Description
This Garlic Roasted Beef Tenderloin recipe delivers a succulent, tender cut of beef enhanced by a garlic butter roast. Perfect for special occasions or a hearty family dinner, the beef is seared to lock in flavor and then roasted to a perfect medium rare finish, served with a rich garlic browned butter sauce.
Ingredients
Scale
Beef and Seasoning
- 4 pound beef tenderloin (4-5 pounds, each pound serves 2-3 people)
- 1 tablespoon coarse sea salt
- 1 tablespoon whole black peppercorns
- 5 cloves garlic (minced, plus whole cloves for roasting if desired)

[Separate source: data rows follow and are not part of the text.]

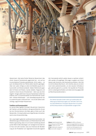 BEST OF Region Lenzburg-Seetal 199BEST OF Portrait xxx 2H%u00e4usermann. Seit seine Mutter Marianne H%u00e4usermann das %u00abGrain House of Switzerland%u00bb gegr%u00fcndet hat %u2013 ein auf viele verschiedene Produkte spezialisierter %u00abM%u00fcli-Laden%u00bb %u2013 ist auch die Bekanntheit der M%u00fchle selbst deutlich gestiegen. %u00dcber den Laden erfolgt vor allem die Belieferung der Endkundschaft und Wiederverk%u00e4ufer. Neben Mehlmischungen aller Art fi nden sich M%u00fcesli, Cracker, Geb%u00e4ck, Teigwaren und Guetzli im Grain House of Switzerland %u2013 eben was das Herz begehrt. Einiges stellt Grain House of Switzerland selbst her, anderes wird in Zusammenarbeit mit Partnerfi rmen produziert. %u00abDieses Miteinander %u2013 vom Getreideproduzenten bis zu unseren Kunden und Kundinnen %u2013 ist uns seit Jahren sehr wichtig%u00bb, sagt Christoph H%u00e4usermann.Tradition und ZusammenhaltAn seinem Beruf gef%u00e4llt Christoph H%u00e4usermann besonders die Tradition und das Famili%u00e4re in der ganzen Branche. So wie bei den Zimmerm%u00e4nnern die Walz, gab es fr%u00fcher auch den Reisem%u00fcller. Christoph selbst war einige Monate in Griechenland in einer Grossm%u00fchle t%u00e4tig.Der urspr%u00fcnglich gelernte Landmaschinenmechaniker mit Weiterbildung zum M%u00fcllermeister und M%u00fcllereitechniker SMS fi ndet es grossartig, dass er durch seine Ausbildung %u00fcberall auf der Welt mit Berufskollegen und -kolleginnen kontakt hat. Er freut sich sehr dar%u00fcber, dass das Interesse der Bev%u00f6lkerung an der Produktion von regionalen Grundnahrungsmitteln hierzulande endlich wieder etwas zu wachsen scheint: %u00abWir werden oft angefragt, F%u00fchrungen zu geben und Schulklassen oder Vereinen unser Handwerk zu erkl%u00e4ren.%u00bb Sein Ziel ist nicht endloses Wachstum: %u00abIch m%u00f6chte, dass wir uns technisch stets weiterentwickeln, um den neusten Anforderungen jederzeit gerecht zu werden. Die Qualit%u00e4t der Produkte will ich unbedingt hochhalten und neben dem Hauptgesch%u00e4ft auf Nischenprodukte setzen.%u00bbDie Seetal Getreide GmbH setzt auf traditionelle Herstellung von Mehlmischungen und Tierfutter. Die Firma von Gesch%u00e4ftsf%u00fchrer Christoph H%u00e4usermann ist zudem auf Nischenprodukte und Spezialit%u00e4ten ausgerichtet.Adresse: Seetal Getreide GmbHOberdorfstrasse 33, 5707 SeengenTelefon: +41 62 777 12 25 E-Mail: info@muehle-seengen.chWeb: www.muehle-seengen.chIn K%u00fcrze: Das 2001 von Marianne H%u00e4usermann gegr%u00fcndete Grain House of Switzerland verf%u00fcgt %u00fcber einen Webshop und zieht auch %u00fcberregionale und zuweilen internationale Kundschaft an.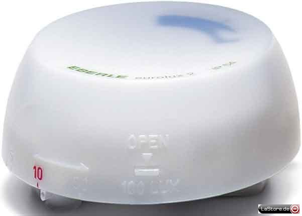 Dämmerungsschalter im modernen Design mit Außeneinstellung und montagefreundlicher Einlochbefestigung, ca. 5...100 Lux, großer Anschlussraum und schraubenlose Klemmen, unverzögerte Schaltzustandsanzeige bei Inbetriebnahme, Schaltverzögerung Ein/Aus ca. 10 ¿ 20 Sekunden, Durchmesser 103 mm, Höhe 50 mm, Schutzart IP 54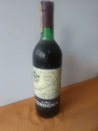 NOME: VIÑA TONDONIA ANNATA: 1985 D.O: Rioja (cal) Classe/tipo: Reserva Cantina: R. Lopez de Heredia Viña Tondonia S.A. (Haro-Rioja Alta) Conserva elementi originali. Usura dovuta al tempo. Pezzo da collezione o decorazione. Ideale per collezionisti, decorazione rustica, cantine, ristoranti o vetrine. Non conservato per il consumo. Stato di conservazione interno sconosciuto. Disponibili altre bottiglie antiche nel mio profilo. Possibilità di fare lotti se ti interessa più di un pezzo. Ascolto offerte ragionevoli. Preferibilmente consegna a mano. Si vende come si vede nelle foto.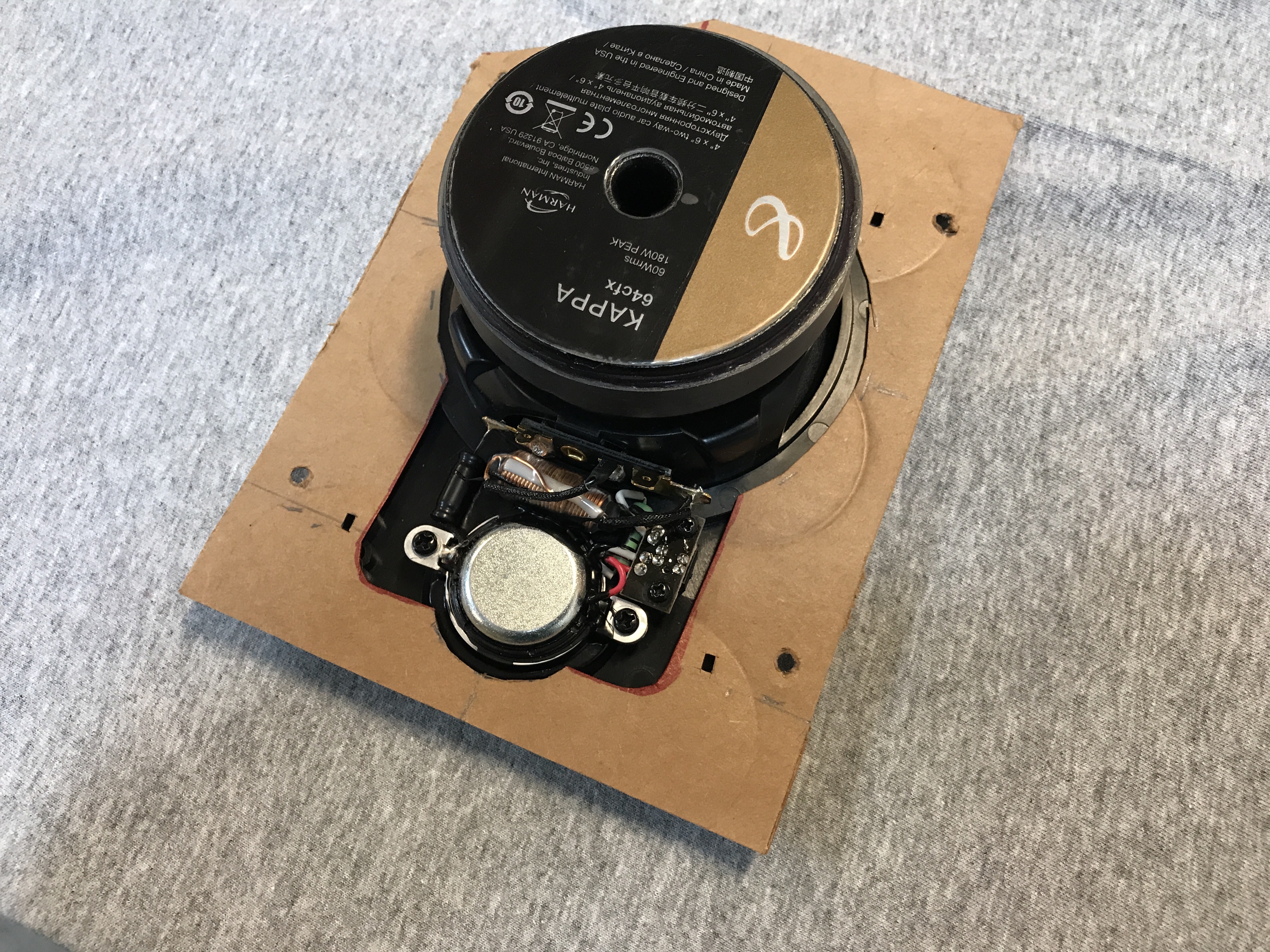 Here is my first version: the mounting board sits between the grill and the speaker.

- Fresh herbs for garnish (optional)
Cooking Fats
- 2-3 tablespoons canola oil
- 1/2 cup salted butter (divided)
Instructions
- Prepare the beef tenderloin: Trim the beef tenderloin if it’s not already trimmed. Set it out for 1-2 hours at room temperature to help it cook evenly.
- Shape the roast: Cut the tenderloin into two pieces if needed to fit your skillet. Tuck the long, skinny end under itself to form a uniform roast and tie it securely with kitchen twine.

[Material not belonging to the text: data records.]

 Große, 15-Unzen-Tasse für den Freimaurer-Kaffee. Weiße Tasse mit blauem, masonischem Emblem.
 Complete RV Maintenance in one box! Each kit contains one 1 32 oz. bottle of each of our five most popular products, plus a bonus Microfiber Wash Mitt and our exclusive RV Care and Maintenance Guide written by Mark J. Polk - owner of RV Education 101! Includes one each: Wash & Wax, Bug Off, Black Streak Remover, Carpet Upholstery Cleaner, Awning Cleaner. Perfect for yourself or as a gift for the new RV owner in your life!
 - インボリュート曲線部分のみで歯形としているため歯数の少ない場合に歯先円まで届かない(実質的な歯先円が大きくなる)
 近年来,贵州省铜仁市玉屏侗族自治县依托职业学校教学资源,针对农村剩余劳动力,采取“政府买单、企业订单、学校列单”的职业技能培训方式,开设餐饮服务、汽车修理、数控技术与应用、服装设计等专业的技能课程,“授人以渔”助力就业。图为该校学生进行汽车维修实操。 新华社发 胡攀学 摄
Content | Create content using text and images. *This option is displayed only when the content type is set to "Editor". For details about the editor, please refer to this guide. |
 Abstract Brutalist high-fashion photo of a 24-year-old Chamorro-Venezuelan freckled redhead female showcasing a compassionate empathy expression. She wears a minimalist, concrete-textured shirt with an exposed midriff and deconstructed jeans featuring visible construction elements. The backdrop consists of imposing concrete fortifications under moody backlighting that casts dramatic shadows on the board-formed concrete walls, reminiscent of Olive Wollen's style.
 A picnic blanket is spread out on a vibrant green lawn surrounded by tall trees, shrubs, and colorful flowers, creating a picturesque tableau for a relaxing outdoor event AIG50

- Preheat oven: Heat your oven to 450°F (232°C) to prepare for roasting.
- Season the tenderloin: Liberally coat all sides of the tenderloin with coarse sea salt and cracked black peppercorns for full flavor.
- Sear the beef: Heat canola oil in a large skillet over medium-high heat until smoking. Sear the tenderloin, browning each side for about 3-4 minutes to develop a crust.

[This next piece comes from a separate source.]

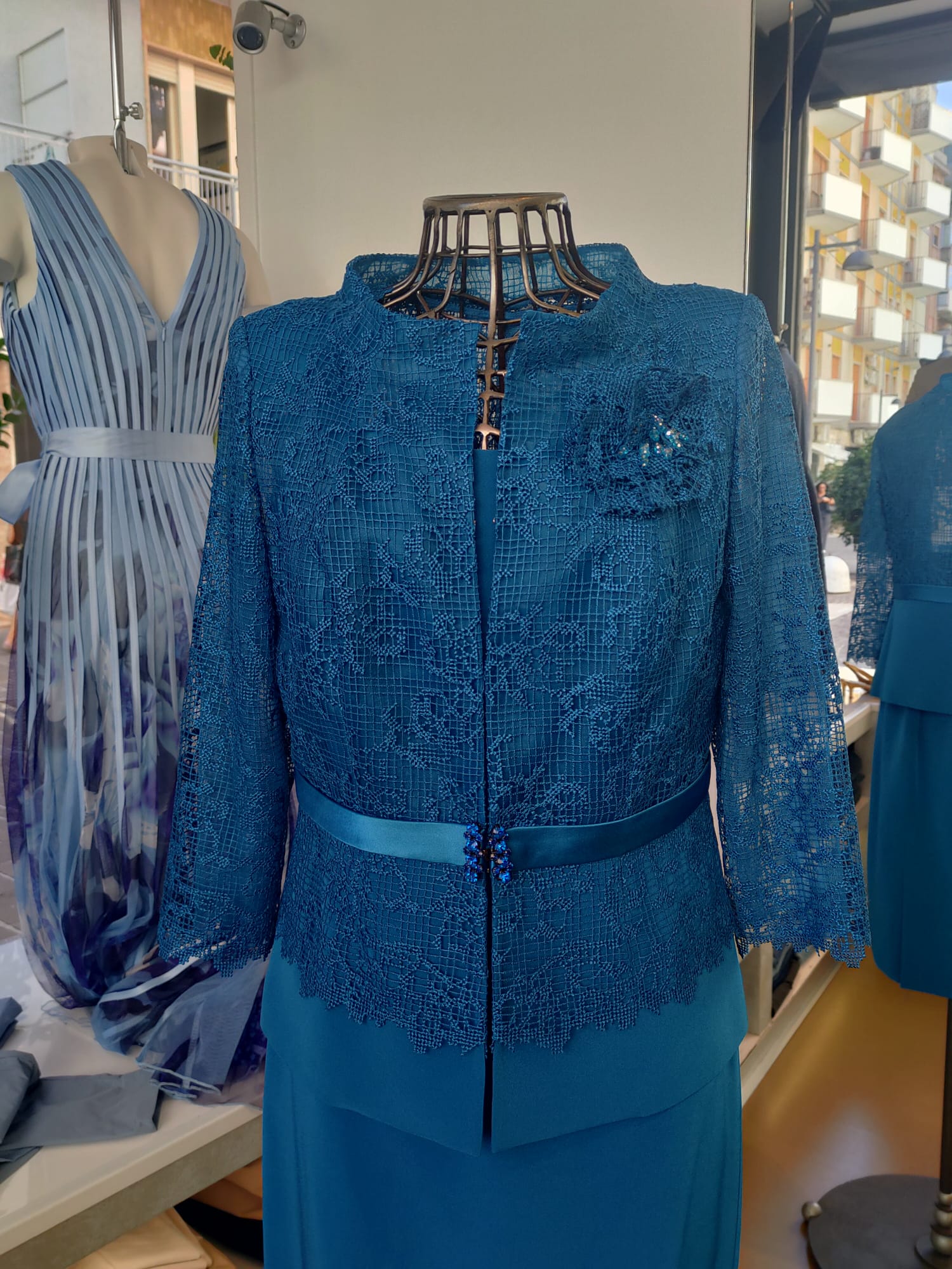 Scopri l'eleganza senza tempo con questo completo a tre pezzi in cady, ora a un prezzo incredibile. Perfetto per cerimonie o eventi speciali, questo abito versatile ti offre due look in uno. Indossa la gonna e la blusa in cady per un'eleganza discreta, oppure aggiungi la giacca con prezioso pizzo a rete per un tocco di raffinatezza e copertura. Sii pronta a farti notare con classe e a un costo che non ti aspetti.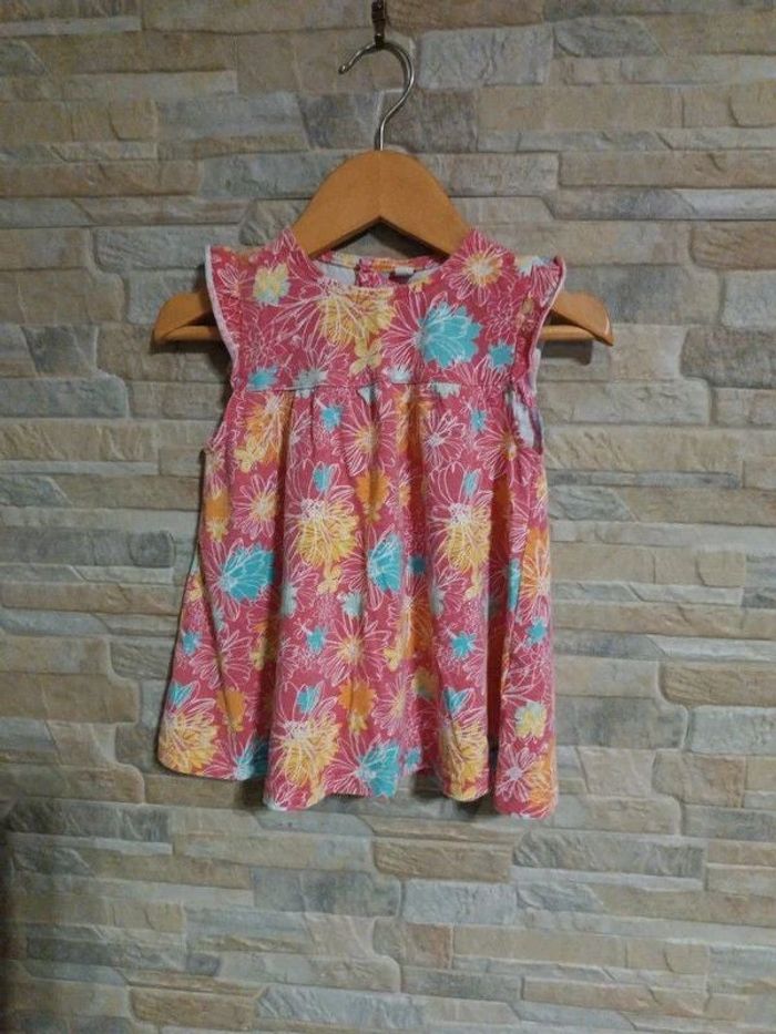 Robe rose à fleurs 18M, 60% coton, 40% polyester. TBE

- Add butter and garlic: Spread 4 tablespoons of butter over the top and sides of the seared beef. Add whole garlic cloves around the meat in the pan and, if desired, sprinkle a teaspoon of minced garlic on top.
- Roast in the oven: Place the skillet in the oven and roast for 25-30 minutes or until the center reaches 120-125°F for medium rare.
- Rest the meat: Remove from oven and tent with aluminum foil for 10 minutes to let juices redistribute, allowing the temperature to rise to about 130-135°F.
- Prepare garlic browned butter: Heat the remaining quarter cup of butter with minced garlic over medium heat until the butter turns golden brown. Remove from heat and set aside.
- Slice and serve: Remove twine from the tenderloin, slice into 3/4 inch thick pieces, and drizzle with the garlic browned butter.
- Garnish and enjoy: Garnish with freshly chopped parsley if desired and serve immediately.
Notes
- Letting the beef come to room temperature before cooking helps it cook more evenly.
- Using kitchen twine to secure the roast ensures uniform thickness and even cooking.
- Use an instant-read thermometer to monitor center temperature for perfect doneness.
- Resting the meat is crucial to keep it juicy and tender.
- The garlic browned butter adds a rich, nutty flavor that enhances the beef beautifully.
- Fresh parsley garnish adds a pop of color and freshness but is optional.
- This recipe serves about 10 people depending on serving size.